Cubic and quartic points on modular curves using generalised symmetric Chabauty

TL;DR

This paper advances the understanding of cubic and quartic points on specific modular curves by developing a generalized symmetric Chabauty method, lowering prime bounds, and computing the Jacobian's Mordell--Weil group.

Contribution

It introduces a 'partially relative' symmetric Chabauty method, generalizes existing theorems, and applies these to determine points on modular curves, including a full Mordell--Weil group computation.

Findings

Determined cubic points on X_0(N) for specified N values.
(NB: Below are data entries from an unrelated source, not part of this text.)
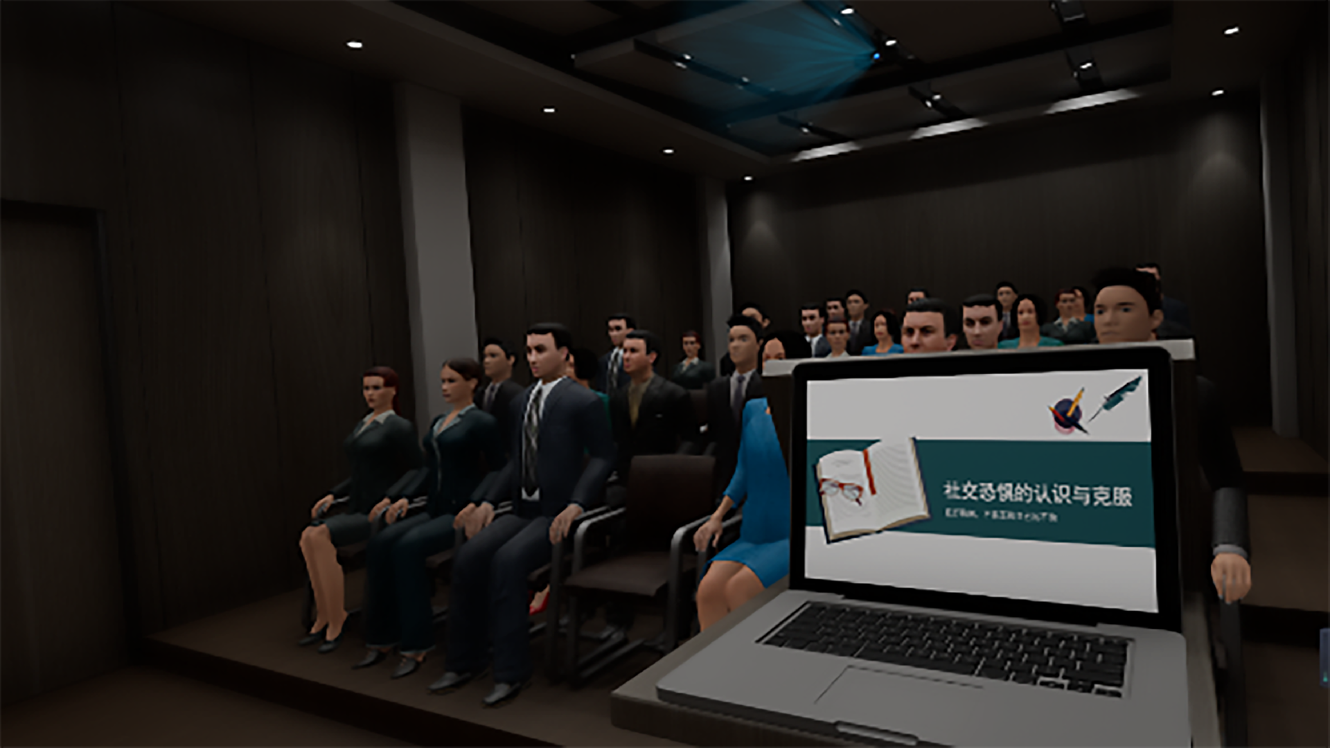 体验者进入模拟的小会堂,体验者可选择演讲者或者观众任意一种身份,当体验者选择演讲者身份时,需大声读出屏幕上显示内容,进行演讲训练。当体验者选择聆听者身份时,只需静待台上的演讲者将内容读完即可,此模块含有4个演讲课题,分别是《社交恐惧的认识与克服》、《海燕》、《我又一个梦想》、《相信未来》,利用虚拟现实的交互技术可以使那些胆怯现场演讲的人得到很大的锻炼。
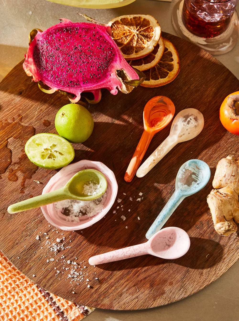 “The Suki Spoon is a beautifully designed, versatile piece that’s perfect for serving dips, olives and dollops of cream to top off afternoon scones. Reimagined here in our stunning Persimmon colourway – swirling together a rich orange and transparent resin for a bright statement.” – Phoebe’s Style Notes
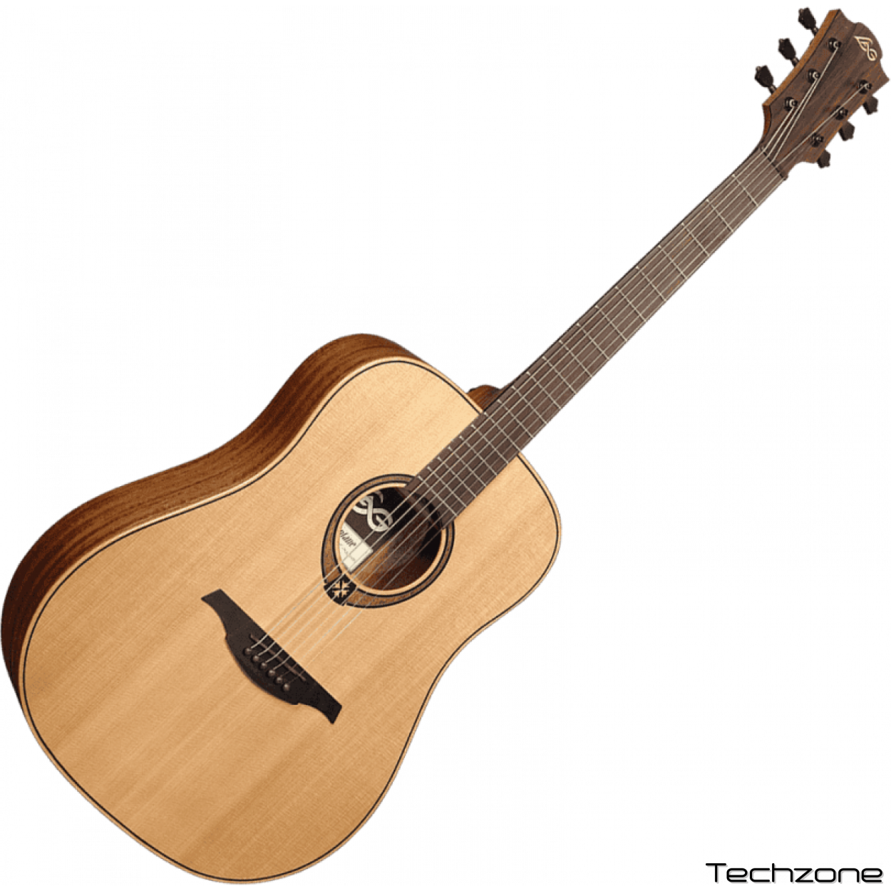 - Голова грифа: Браунвуд, інкрустація логотипа Lag виконана кленом
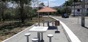 “Muitas dessas áreas de convivência estão sendo construídas com material que era sucata ou ia para o lixo. Não tinha nenhuma utilização. Então, ele juntou esse material, as sobras de cerâmica para fazer aqueles tabuleiros. Todo material não tinha utilização para a obra de infraestrutura, mas ganhou um destino”, contou.
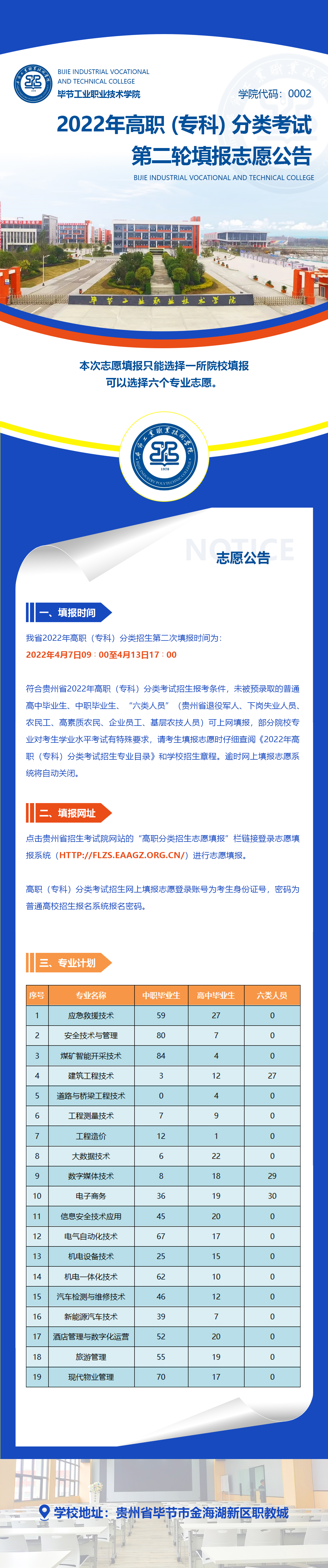 畢節(jié)工業(yè)職業(yè)技術(shù)學(xué)院2022年高職(??疲┓诸惪荚嚨诙喬顖?bào)志愿公告

Identified quartic points on X_0(65).

Developed a higher order Chabauty theorem.

Abstract

Answering a question of Zureick-Brown, we determine the cubic points on the modular curves $X_0(N)$ for $N \in \{53,57,61,65,67,73\}$ as well as the quartic points on $X_0(65)$. To do so, we develop a "partially relative" symmetric Chabauty method. Our results generalise current symmetric Chabauty theorems, and improve upon them by lowering the involved prime bound. For our curves a number of novelties occur. We prove a "higher order" Chabauty theorem to deal with these cases. Finally, to study the isolated quartic points on $X_0(65)$, we rigorously compute the full rational Mordell--Weil group of its Jacobian.